Lowe studied medicine from 1887 at the University of Cambridge ( Jesus College ) with a Bachelor of Arts (BA) in 1891, a Bachelor in Surgery in 1898 and a Medical Bachelor (MB) in 1899. He was a clinical assistant at Guy's Hospital in London, House Physician at Leicester Infirmary and Senior House Surgeon at Derby Royal Infirmary. From 1899 to 1902 he volunteered as a surgeon in the Second Boer War and directed Helena’s hospital train from Great Britain and Ireland to relieve the siege of Ladysmith . In South Africa he began to be interested in birds and to collect them. From 1902 to 1912 he traveled with Sir Frederic Johnstone (as his personal doctor), among other things, the Caribbean on his yacht. He put on a large collection of birds that later came to the British Museum of Natural History . During World War I he served as a military doctor with the rank of captain on a hospital ship in the Mediterranean.

From 1918 to 1935 he headed the ornithological department of the British Museum, succeeding William Robert Ogilvie-Grant . The expression Darwin finches comes from him (in an essay in 1936). With Dorothea Bate he published about fossil ostriches from China.

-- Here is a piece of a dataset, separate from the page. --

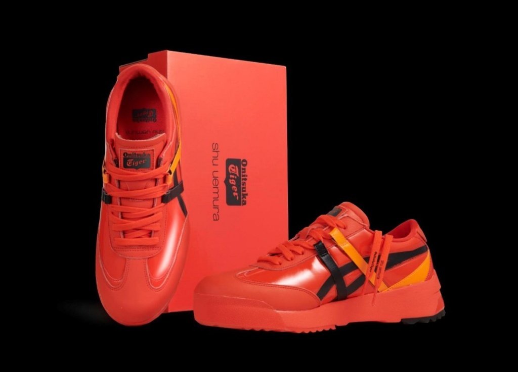 What we do know is that there will be a limited edition Onitsuka Tiger shoe that will launch as part of this shu uemura collaboration. It will be a brand new model called “Delegation EX”, and will feature black and summer orange stripes on a “passionate Tokyo red” base. The sneaker will be available from 1-31st May at Onitsuka Tiger stores in Asia and here’s what it looks like:
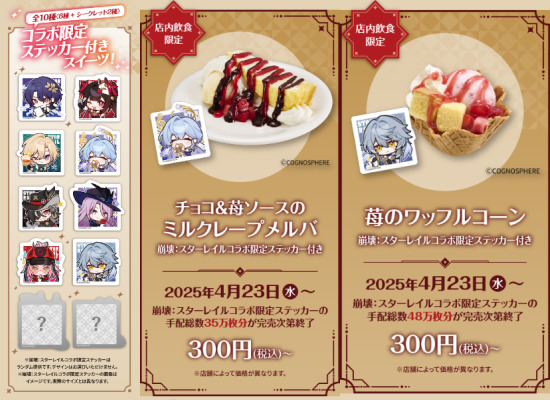 「チョコ&苺ソースのミルクレープメルバ」と「苺のワッフルコーン」には、限定ステッカーが付いてくる!

He was President of the British Ornithologists 'Union from 1938 to 1943 (and received its medal), chairman of the European section of the International Committee for the Conservation of Birds, and from 1927 to 1930 Chairman of the British Ornithologists' Club and editor of its bulletin. He was a Knight of the British Order of St. John, Fellow of the Royal Geographical Society and OBE .

Fonts

  • A naturalist on desert islands. Whitherby and Co., London / Scribner's, New York 1911 (description of his trips to the Caribbean).
  • The finches of the Galapagos in relation to Darwin's conception of species. Ibis, 6, 1936, pp. 310-321.
  • Struthious remains from northern China and Monogolia; with descriptions of Struthio wimani, Struthio anderssoni and Struthio monogolicus, spp. nov. Beijing 1931.
  • Our common sea-birds cormorants, terns, gulls, skuas, petrels and auks. New York, Scribners 1913.